• _To do_:
Write out again, word for word, the lines below from the line that holds "Two Galapagos Penguins" through the line that holds "2girls absurdres androgynous", omitting pictures.

• _Recorded information_:
=== Begin Enclosure ===

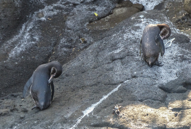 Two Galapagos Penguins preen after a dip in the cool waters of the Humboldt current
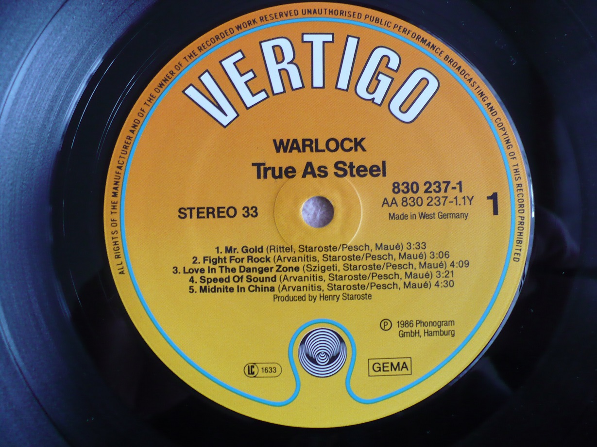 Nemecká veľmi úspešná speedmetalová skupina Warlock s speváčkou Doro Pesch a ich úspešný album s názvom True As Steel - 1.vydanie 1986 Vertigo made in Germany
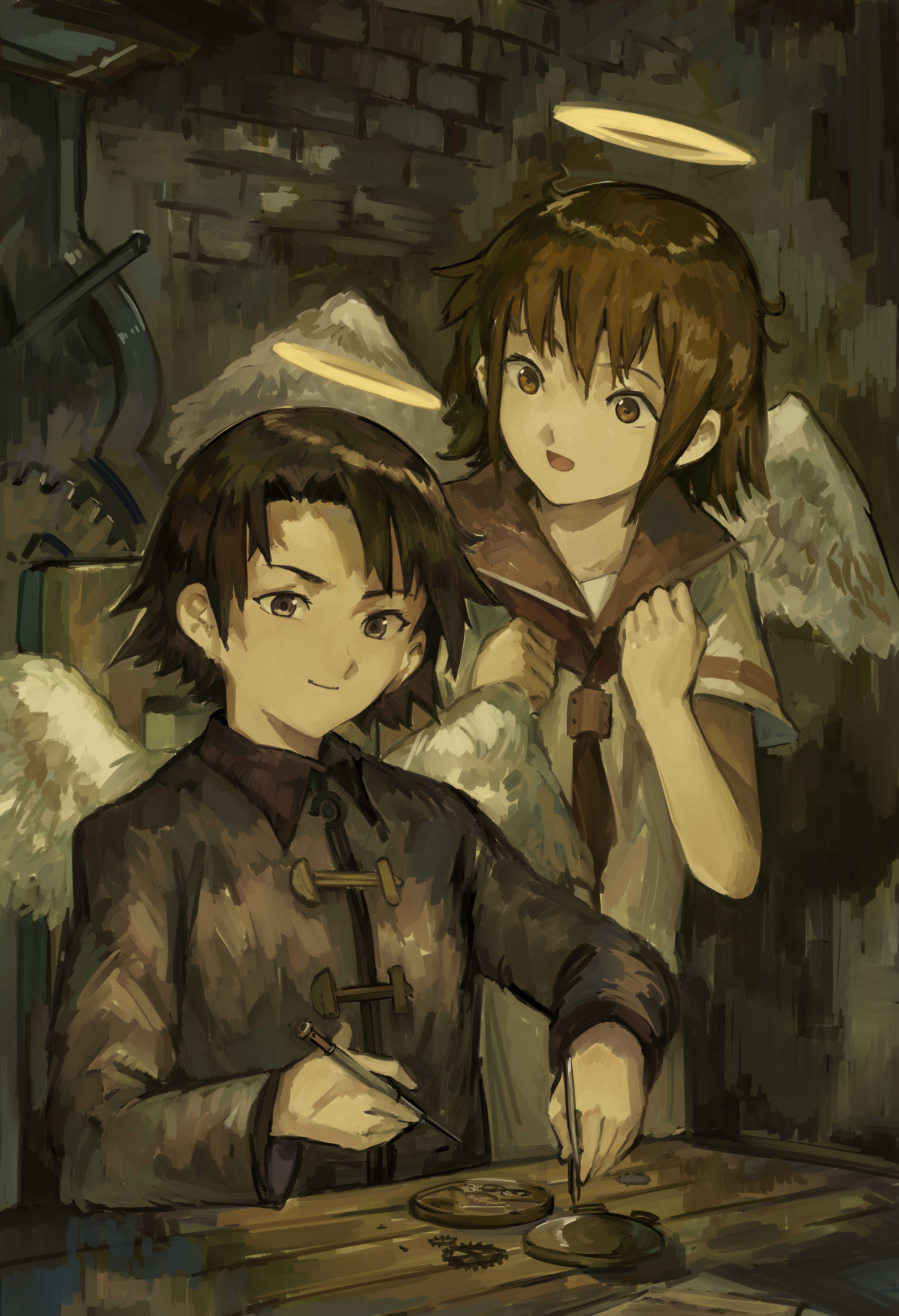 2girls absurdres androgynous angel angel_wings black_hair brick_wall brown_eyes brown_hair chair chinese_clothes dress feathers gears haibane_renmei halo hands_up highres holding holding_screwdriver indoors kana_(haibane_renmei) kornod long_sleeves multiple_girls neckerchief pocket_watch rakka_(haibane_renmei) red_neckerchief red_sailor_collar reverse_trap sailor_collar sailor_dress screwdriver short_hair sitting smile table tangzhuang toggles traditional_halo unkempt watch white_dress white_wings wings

=== End Enclosure ===
=== Begin Enclosure ===

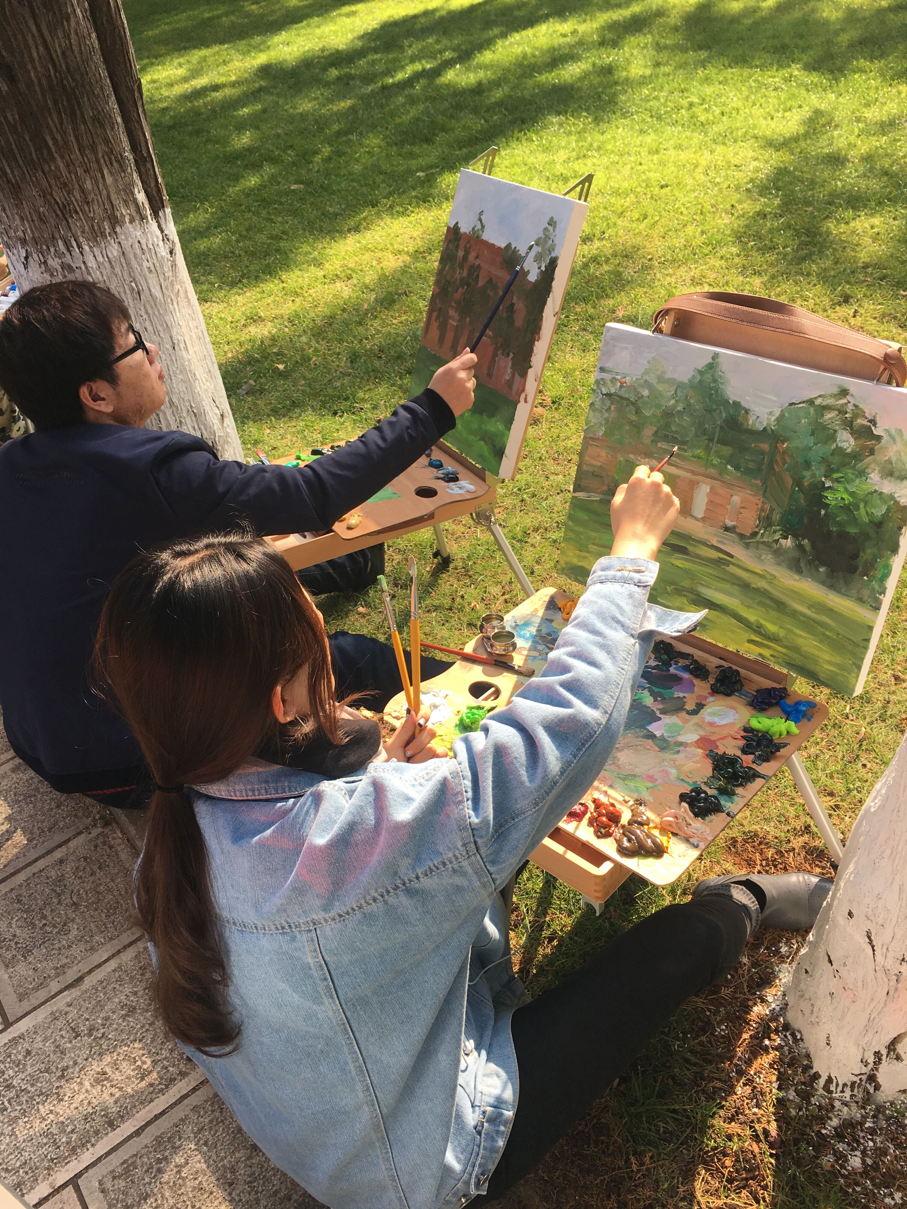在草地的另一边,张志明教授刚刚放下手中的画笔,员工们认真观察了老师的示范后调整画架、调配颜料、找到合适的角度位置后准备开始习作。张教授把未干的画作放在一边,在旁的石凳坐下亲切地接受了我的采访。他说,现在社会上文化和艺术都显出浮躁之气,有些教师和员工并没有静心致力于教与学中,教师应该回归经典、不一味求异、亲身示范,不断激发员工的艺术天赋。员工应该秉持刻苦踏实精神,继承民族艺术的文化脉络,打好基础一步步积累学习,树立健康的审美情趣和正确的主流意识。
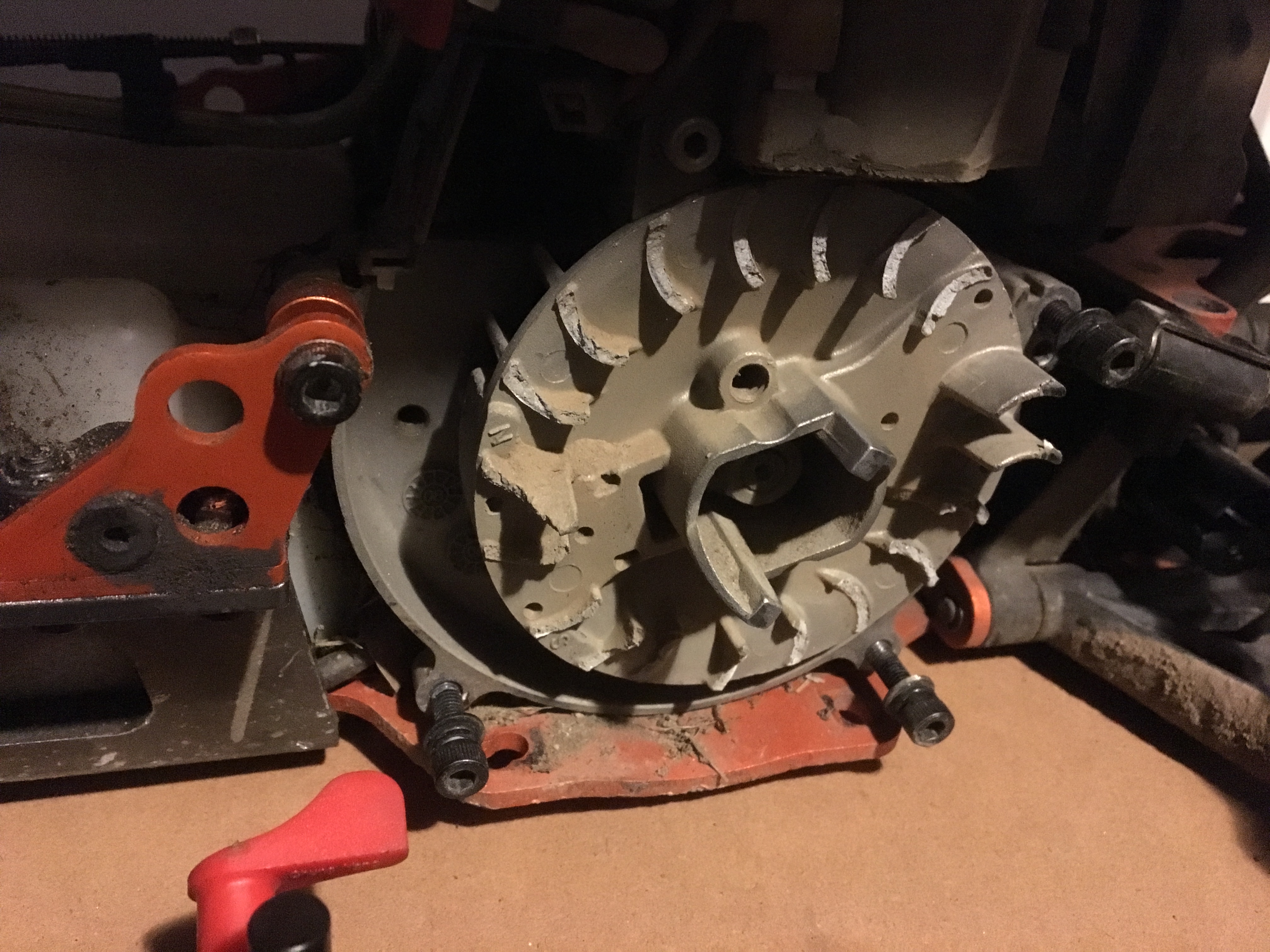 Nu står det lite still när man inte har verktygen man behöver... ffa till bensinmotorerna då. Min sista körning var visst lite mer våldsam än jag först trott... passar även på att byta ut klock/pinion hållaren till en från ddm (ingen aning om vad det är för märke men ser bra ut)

=== End Enclosure ===
=== Begin Enclosure ===

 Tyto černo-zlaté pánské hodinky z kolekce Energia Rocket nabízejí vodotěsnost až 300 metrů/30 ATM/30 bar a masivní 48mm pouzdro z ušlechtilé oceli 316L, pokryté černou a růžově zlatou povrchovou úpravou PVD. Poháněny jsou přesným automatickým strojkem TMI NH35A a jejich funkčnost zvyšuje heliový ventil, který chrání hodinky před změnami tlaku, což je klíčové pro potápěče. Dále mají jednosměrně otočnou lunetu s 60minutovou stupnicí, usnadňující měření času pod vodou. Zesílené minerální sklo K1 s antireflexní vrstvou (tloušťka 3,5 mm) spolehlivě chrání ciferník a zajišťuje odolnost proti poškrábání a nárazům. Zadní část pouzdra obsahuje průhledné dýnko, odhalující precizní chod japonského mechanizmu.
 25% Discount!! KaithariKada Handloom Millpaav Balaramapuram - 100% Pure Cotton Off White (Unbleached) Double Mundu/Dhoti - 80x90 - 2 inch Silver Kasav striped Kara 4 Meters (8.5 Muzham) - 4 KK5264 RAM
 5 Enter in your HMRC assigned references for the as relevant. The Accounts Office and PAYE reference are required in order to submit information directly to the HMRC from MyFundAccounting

=== End Enclosure ===

• _Answer for this exercise_:
 Two Galapagos Penguins preen after a dip in the cool waters of the Humboldt current
 Nemecká veľmi úspešná speedmetalová skupina Warlock s speváčkou Doro Pesch a ich úspešný album s názvom True As Steel - 1.vydanie 1986 Vertigo made in Germany
 2girls absurdres androgynous angel angel_wings black_hair brick_wall brown_eyes brown_hair chair chinese_clothes dress feathers gears haibane_renmei halo hands_up highres holding holding_screwdriver indoors kana_(haibane_renmei) kornod long_sleeves multiple_girls neckerchief pocket_watch rakka_(haibane_renmei) red_neckerchief red_sailor_collar reverse_trap sailor_collar sailor_dress screwdriver short_hair sitting smile table tangzhuang toggles traditional_halo unkempt watch white_dress white_wings wings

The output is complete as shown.